Nstein – has an Nsentiment module as part of its text analytics offering aimed at the publishing industry

Northern Light – veteran search company, has some sentiment analysis in its MI analyst product, but it’s document-level, which means the whole document is either one thing or another, when often stories can be both positive and negative

RavenPack counts Dow Jones as a partner and also claims to be able to do news-based algorithmic trading, which is ballsy, if nothing else

SentiMetrix – stealth, apparently

ScoutLabs – in beta and uses Lexalytics’ technology

SkyGrid – aggregates and analyzes financial news, includes Bill Burnham as an enthusiastic investor

Summize – analyzes online product reviews for sentiment

Umbria -focused on online sentiment analysis of social media, such as blogs

Here is our report on Lexalytics (451 login required to see full text) and our report on Jodange will come shortly.

We plan to speak to some (but not all) of the above in the coming and I’ll report back on what I find (though most of it will end up in our syndicated research). But if anyone knows of any significant omissions, please leave them in the comments, I’d love to know.

Our take on M&A in enterprise search

I’ve gathered all my current thinking on potential M&A in enterprise search in a SectorIQ that we published earlier this week to our customers. In it, I look at four main potential targets plus a few other small ones and look at a few of the likely acquirers. (This is the way we write all our Sector IQs, btw and they’re a great way of getting a quick grasp on what might be coming down the pike in any particular sector of the IT industry)

Fortunately those of you that are not our customers (yet!) are able to read it via our arrangement with the New York Times DealBook section. Click here to see the NY Times posting or go here to go straight to the report – and while you’re there, sign up for a trial of our M&A KnowledgeBase, where we’ve been collecting details of every IT, internet and telecoms deal since the start of 2002!

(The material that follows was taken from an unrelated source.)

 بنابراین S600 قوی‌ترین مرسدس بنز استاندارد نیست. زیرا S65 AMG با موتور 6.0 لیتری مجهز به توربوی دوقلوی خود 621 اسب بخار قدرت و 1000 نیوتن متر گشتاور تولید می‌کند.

Finally, a quick word about the headline. We like to have some fun here at 451 with these things and while I appreciate that this one might have been pushing things a little in terms of clearly explaining what the report was about, when else would I be able to use it? 😉

Text analysis in 2008

I was asked by someone recently what I thought would be a major trend in text analysis (or text analytics, but I prefer analysis) in 2008. We covered this ground in 451’s annual preview of storage and information management. That’s available to 451 customers only, but the sub-title of the section on search and text analysis was ‘The big vendors move in.’

That referred as much to to search as it did to text analysis, with the emergence of Oracle and SAP as players in the search market along with IBM. t mentioned Microsoft but at that time, it looked as if Redmond was content to continue developing its own stuff. But then it bought Fast Search & Transfer (FAST) and that changed things. And, I think, along with SAP’s ownership of Business Objects, and by extension text analysis player Inxight Software, it may mean 2008 is a year if not quite of stasis, then certainly of a slower pace of innovation.

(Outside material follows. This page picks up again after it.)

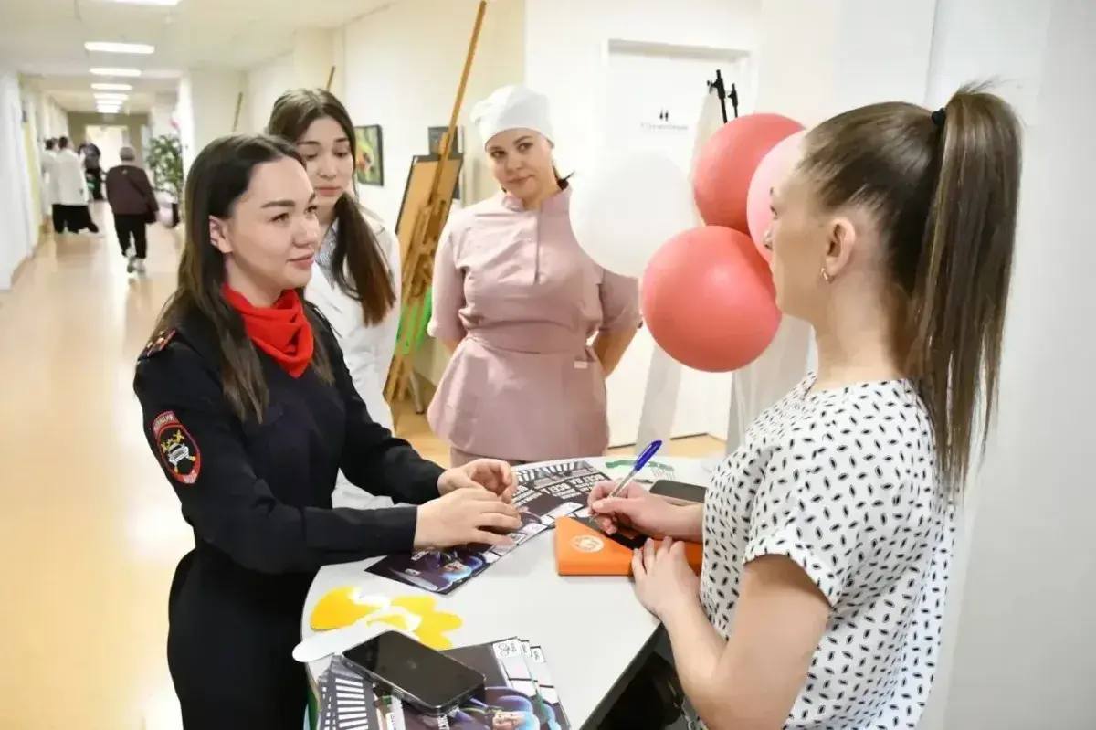 В этом году праздничная программа началась в 10:00 в поликлинике медучреждения с выставки, представленной Социальным фондом России, Уполномоченным по правам ребенка и некоммерческими организациями. Выставка была нацелена дать информацию о социальных бонусах для будущих и молодых мам.

FAST had a lot of interesting stuff in its labs, probably too much judging by the financial mess it got itself into mid-2007. But it will be distracted this year as it gets subsumed into Microsoft and it ties itself ever tightly to the Microsoft platform. And similarly for thew 3 to 4 months that Business Objects owned Inxight as an independent company we heard a fair amount about its plans to leverage iunstructured information. Now SAP owns it, we may hear a lot less.